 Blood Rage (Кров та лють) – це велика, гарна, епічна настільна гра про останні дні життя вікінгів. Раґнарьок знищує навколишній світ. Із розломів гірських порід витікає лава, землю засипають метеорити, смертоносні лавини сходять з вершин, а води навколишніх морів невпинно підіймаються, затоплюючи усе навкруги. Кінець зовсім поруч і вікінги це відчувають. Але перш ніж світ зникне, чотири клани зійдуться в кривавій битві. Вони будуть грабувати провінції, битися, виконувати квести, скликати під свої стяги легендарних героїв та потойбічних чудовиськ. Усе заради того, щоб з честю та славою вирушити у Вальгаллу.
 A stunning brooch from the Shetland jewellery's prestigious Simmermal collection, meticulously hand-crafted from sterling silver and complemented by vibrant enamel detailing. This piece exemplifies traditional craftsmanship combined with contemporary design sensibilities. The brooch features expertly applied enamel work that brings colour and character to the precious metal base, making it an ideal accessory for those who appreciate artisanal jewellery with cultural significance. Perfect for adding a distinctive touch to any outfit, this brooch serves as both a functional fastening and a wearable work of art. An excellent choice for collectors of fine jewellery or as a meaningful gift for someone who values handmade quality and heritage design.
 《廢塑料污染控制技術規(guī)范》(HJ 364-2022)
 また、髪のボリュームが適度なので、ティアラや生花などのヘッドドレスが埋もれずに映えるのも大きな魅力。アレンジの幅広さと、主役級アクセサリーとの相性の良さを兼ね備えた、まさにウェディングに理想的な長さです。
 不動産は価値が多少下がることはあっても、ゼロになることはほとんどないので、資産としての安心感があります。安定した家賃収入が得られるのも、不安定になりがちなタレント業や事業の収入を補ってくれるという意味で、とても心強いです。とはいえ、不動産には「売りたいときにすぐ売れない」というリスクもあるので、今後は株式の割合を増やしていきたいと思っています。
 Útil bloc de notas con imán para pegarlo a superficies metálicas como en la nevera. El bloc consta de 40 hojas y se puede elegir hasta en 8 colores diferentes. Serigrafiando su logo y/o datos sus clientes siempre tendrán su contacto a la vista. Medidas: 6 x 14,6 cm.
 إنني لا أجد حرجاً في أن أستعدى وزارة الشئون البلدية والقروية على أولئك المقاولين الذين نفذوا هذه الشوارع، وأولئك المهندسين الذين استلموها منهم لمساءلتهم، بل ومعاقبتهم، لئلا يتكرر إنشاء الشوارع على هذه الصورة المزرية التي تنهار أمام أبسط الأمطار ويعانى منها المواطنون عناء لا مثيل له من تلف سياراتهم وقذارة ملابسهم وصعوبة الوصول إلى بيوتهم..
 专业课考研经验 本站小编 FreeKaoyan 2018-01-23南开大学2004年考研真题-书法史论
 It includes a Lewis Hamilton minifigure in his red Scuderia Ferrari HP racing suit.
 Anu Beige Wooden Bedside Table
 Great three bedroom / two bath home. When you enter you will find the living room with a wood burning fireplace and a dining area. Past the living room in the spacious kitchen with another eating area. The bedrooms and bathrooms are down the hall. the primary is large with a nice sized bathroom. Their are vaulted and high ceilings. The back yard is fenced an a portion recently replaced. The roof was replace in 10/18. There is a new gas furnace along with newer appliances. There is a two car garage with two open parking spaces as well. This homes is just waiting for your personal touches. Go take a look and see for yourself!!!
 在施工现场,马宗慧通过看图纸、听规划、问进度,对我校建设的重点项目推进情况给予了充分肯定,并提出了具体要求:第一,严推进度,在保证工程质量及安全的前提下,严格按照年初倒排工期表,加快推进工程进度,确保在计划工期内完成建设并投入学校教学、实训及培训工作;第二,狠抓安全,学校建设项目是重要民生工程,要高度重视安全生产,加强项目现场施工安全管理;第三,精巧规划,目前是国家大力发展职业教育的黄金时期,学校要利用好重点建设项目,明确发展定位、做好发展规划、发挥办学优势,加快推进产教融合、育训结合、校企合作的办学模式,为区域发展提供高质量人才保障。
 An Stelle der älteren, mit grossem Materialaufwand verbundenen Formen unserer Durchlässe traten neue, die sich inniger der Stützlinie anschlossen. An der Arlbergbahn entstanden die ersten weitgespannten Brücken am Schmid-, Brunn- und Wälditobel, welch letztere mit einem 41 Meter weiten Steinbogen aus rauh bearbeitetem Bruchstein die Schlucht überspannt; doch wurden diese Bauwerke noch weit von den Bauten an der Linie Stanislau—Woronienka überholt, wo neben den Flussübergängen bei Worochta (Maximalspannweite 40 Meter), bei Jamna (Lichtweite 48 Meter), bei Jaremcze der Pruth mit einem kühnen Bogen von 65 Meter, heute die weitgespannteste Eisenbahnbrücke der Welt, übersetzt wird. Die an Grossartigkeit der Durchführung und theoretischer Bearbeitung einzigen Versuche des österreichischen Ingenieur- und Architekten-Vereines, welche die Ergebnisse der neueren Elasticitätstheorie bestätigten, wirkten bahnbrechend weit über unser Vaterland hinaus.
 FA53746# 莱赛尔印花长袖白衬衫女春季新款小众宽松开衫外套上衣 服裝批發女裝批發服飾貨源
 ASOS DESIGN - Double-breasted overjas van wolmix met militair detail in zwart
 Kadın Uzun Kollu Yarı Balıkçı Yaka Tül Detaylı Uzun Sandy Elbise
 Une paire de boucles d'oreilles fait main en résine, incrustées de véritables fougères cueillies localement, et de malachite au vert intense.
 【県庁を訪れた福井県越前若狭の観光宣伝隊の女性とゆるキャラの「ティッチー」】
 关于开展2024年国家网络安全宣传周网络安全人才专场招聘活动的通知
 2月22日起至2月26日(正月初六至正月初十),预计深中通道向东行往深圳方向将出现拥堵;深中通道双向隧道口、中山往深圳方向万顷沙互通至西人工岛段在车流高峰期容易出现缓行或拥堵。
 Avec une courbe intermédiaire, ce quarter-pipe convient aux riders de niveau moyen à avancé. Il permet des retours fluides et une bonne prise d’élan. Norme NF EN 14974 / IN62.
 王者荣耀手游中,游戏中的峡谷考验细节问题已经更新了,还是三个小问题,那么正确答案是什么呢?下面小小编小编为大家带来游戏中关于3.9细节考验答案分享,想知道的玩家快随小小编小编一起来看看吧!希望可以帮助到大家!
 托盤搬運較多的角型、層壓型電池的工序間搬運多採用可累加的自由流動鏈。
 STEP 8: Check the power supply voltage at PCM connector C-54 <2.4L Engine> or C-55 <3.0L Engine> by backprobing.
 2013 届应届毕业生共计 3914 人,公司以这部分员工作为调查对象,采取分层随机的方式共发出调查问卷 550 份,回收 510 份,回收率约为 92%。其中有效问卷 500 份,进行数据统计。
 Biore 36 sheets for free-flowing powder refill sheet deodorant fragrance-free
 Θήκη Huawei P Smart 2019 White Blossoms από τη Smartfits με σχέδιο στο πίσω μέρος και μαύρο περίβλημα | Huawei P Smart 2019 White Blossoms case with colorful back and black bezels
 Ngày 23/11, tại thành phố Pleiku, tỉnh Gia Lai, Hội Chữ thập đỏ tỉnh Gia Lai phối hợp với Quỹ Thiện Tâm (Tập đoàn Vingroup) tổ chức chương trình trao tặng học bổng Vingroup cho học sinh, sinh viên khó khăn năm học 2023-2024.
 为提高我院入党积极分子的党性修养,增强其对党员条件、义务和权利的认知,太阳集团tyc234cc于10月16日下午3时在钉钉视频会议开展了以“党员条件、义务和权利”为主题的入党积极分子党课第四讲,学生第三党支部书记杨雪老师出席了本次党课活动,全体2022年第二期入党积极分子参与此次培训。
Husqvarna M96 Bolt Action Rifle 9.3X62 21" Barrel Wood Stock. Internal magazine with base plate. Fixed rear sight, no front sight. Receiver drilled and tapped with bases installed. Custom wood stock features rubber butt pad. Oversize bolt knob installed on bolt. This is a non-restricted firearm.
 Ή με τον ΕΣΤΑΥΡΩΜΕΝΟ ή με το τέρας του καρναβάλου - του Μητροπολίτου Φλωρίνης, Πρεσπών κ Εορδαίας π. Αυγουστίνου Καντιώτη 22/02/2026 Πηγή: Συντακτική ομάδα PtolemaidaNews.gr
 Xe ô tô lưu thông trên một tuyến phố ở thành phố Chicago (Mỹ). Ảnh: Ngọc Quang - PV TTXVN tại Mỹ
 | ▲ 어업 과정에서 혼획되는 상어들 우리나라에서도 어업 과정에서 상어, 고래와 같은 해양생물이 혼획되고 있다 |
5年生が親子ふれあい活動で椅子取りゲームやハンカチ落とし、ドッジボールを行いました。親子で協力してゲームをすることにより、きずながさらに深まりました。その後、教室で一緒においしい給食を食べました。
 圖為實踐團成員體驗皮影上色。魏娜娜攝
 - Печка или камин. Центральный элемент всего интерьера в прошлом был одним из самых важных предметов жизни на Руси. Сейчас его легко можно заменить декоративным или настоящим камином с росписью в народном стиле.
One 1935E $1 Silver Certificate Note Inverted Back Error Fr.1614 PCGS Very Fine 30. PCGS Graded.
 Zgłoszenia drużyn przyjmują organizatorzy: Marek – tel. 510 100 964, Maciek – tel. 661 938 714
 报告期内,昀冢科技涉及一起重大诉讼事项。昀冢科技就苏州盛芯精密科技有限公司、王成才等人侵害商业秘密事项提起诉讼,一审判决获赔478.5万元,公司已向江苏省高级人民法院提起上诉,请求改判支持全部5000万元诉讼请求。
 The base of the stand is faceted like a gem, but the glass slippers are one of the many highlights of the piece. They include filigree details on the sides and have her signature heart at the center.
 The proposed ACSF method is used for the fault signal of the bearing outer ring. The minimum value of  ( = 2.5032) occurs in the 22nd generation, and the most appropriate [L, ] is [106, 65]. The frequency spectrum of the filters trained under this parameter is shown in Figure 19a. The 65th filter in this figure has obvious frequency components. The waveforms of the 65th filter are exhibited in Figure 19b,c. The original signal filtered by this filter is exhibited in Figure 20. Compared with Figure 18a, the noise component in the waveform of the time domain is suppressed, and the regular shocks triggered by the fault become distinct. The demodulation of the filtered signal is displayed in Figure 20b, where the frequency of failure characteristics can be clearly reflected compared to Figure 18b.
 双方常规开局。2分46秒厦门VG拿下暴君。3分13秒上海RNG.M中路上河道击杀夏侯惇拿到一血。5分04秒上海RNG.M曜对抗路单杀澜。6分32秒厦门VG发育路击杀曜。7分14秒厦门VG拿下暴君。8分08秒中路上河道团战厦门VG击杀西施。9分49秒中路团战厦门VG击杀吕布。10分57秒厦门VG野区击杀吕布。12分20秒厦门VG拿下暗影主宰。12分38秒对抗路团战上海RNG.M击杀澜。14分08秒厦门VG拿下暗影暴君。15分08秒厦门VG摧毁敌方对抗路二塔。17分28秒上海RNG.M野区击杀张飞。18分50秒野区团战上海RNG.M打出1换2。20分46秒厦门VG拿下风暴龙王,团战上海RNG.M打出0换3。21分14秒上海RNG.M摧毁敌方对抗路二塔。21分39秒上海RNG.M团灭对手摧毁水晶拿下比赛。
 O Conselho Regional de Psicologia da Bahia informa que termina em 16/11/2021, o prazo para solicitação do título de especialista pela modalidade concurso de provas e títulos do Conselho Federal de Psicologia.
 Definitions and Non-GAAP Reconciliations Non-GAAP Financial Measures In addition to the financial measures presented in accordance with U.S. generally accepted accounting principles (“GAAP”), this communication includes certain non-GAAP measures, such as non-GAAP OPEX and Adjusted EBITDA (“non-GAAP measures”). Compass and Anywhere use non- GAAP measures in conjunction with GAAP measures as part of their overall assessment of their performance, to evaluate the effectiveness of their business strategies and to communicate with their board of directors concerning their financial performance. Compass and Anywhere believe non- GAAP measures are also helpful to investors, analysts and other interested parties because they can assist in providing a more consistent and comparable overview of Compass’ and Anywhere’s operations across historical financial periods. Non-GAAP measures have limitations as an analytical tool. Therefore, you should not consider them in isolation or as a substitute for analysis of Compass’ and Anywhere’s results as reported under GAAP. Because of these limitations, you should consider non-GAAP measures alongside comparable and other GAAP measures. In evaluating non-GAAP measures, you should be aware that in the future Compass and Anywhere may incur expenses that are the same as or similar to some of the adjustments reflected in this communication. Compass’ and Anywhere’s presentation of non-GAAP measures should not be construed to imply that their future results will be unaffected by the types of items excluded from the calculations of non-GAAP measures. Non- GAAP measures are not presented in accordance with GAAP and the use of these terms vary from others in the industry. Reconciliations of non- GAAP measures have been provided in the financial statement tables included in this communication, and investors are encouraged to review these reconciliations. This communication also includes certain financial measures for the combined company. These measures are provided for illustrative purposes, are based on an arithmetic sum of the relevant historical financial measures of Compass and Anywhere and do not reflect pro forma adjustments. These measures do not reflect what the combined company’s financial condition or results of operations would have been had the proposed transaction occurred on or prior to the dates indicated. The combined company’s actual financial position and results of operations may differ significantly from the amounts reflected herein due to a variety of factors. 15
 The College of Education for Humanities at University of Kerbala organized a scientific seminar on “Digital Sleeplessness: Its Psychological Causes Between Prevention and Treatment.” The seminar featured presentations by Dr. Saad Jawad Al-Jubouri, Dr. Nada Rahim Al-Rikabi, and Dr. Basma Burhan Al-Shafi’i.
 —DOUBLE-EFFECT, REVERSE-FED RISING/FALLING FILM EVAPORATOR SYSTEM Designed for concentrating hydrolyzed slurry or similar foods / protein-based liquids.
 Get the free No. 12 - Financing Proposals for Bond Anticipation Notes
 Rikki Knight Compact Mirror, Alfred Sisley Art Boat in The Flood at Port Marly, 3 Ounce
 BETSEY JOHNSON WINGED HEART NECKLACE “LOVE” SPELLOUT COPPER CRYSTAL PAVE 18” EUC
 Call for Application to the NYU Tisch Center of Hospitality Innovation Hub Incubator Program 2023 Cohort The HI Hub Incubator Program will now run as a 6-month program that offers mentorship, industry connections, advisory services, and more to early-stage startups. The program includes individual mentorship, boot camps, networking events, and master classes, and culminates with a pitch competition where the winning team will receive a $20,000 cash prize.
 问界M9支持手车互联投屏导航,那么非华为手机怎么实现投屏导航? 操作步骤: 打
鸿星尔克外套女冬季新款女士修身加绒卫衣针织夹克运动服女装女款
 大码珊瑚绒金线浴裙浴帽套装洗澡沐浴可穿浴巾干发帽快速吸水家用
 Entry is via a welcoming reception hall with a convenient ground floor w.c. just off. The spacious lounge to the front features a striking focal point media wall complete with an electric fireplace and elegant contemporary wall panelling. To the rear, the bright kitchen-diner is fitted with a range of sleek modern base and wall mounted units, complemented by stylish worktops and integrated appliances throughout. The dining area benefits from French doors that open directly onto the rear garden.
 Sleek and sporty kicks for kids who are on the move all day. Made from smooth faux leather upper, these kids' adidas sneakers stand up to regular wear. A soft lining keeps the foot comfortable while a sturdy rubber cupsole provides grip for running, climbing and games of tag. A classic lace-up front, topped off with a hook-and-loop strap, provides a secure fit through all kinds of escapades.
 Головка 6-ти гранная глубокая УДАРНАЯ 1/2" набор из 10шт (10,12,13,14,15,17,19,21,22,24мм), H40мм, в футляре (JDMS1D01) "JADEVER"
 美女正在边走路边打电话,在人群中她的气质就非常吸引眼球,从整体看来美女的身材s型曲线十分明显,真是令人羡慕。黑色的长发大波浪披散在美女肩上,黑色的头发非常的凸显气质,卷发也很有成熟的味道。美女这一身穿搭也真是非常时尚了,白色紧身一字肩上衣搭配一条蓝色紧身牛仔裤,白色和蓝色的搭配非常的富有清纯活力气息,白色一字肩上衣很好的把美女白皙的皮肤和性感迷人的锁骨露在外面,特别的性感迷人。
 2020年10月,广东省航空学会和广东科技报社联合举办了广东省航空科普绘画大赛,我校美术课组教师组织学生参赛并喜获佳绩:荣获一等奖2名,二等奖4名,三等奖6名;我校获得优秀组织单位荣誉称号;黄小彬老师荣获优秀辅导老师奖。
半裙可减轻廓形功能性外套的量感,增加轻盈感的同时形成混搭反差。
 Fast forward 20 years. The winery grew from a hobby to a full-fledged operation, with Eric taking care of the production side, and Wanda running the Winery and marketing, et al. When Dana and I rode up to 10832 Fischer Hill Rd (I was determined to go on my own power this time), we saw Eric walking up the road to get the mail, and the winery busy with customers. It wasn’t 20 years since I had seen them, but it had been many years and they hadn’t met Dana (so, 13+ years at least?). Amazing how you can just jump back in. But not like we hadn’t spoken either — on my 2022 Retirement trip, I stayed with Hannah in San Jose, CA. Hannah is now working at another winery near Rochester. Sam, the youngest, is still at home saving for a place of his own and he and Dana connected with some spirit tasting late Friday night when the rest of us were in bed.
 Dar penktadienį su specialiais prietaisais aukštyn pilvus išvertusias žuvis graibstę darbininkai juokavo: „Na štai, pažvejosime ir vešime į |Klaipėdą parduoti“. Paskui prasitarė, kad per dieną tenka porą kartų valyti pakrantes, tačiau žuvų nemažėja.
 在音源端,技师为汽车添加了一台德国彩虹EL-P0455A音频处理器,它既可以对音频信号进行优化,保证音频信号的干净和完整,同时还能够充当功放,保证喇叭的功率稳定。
++++++
**Required work:**
Wherever the word "thành" appears in a line of the data, copy that line.

**Exercise result:**
 Ngày 23/11, tại thành phố Pleiku, tỉnh Gia Lai, Hội Chữ thập đỏ tỉnh Gia Lai phối hợp với Quỹ Thiện Tâm (Tập đoàn Vingroup) tổ chức chương trình trao tặng học bổng Vingroup cho học sinh, sinh viên khó khăn năm học 2023-2024.
 Xe ô tô lưu thông trên một tuyến phố ở thành phố Chicago (Mỹ). Ảnh: Ngọc Quang - PV TTXVN tại Mỹ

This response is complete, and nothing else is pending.